SOURCE: Corrado A, et al. Osteoblast as a target of anti-osteoporotic treatment. Postgrad Med 2017;129:858-865.
In healthy bones, osteoclast activity is balanced with osteoblast activity to produce a continuing stream of freshly created bone by degradation of aging bone and replacement with new bone. After attainment of the peak level of mature bone in early adulthood, osteoclast activity modestly exceeds osteoblast activity, leading to a gradual decline in bone mineral density that we call age-related bone loss to distinguish it from the more rapid bone loss seen at menopause (regardless of age) due to estrogen loss that characteristically outpaces simple age-related bone loss.
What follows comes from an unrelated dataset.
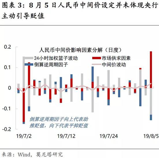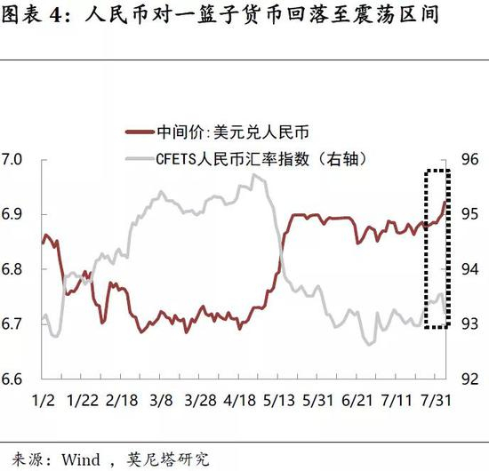 “破7”是央行顺势贬值的结果,而并非主动引导贬值。从这两个交易日的中间价设定来看:8月2日人民币中间价设定确有激进的一面,我们倒算的逆周期因子发挥了助推人民币贬值的作用;但8月5日人民币中间价的大幅贬值,主要是对周五市场供求因素(体现贬值预期)的体现,逆周期因子甚至还有小幅平抑贬值的效果(图表3)。这应该说明,央行引导贬值的意图并不明显。从人民币对一篮子货币汇率的走向来看:今年7月下旬以来,美元指数先后因美国经济相对强势、欧央行宽松预期升温、美联储“鹰派降息”而走强。而8月2日之前,人民币对美元汇率继续窄幅波动,导致人民币对一篮子货币汇率明显升值,这当然不利于中国外贸条件。8月5日人民币中间价大幅调贬后,CFETS人民币指数回落至6月以来的震荡区间之内(图表4),而并未造成对一子货币的大幅贬值(也即是说其它货币相对美元贬值幅度也比较大)。因此,中国不打“汇率战”,但可以对美元相机贬值,尤其是在美元强势之时。

Most pharmacologic interventions currently in use for treatment or prevention of osteoporosis rely on osteoclast inhibition to enhance (or at least maintain) bone mineral density. In contrast, teriparatide primarily works by stimulation of osteoblasts. Estrogen also produces some positive activity on osteoblasts, such as inhibition of osteoblast apoptosis. Finally, even though the primary mechanism of bisphosphonates is inhibition of osteoclastic activity, even this pharmacologic class produces some favorable effects on osteoblasts.
One additional class of pharmacologic agent has shown promising effects: The anti-sclerostin antibody agent romosozumab provides both stimulation to osteoblasts and diminution of osteoclast activity. This agent is pending FDA approval.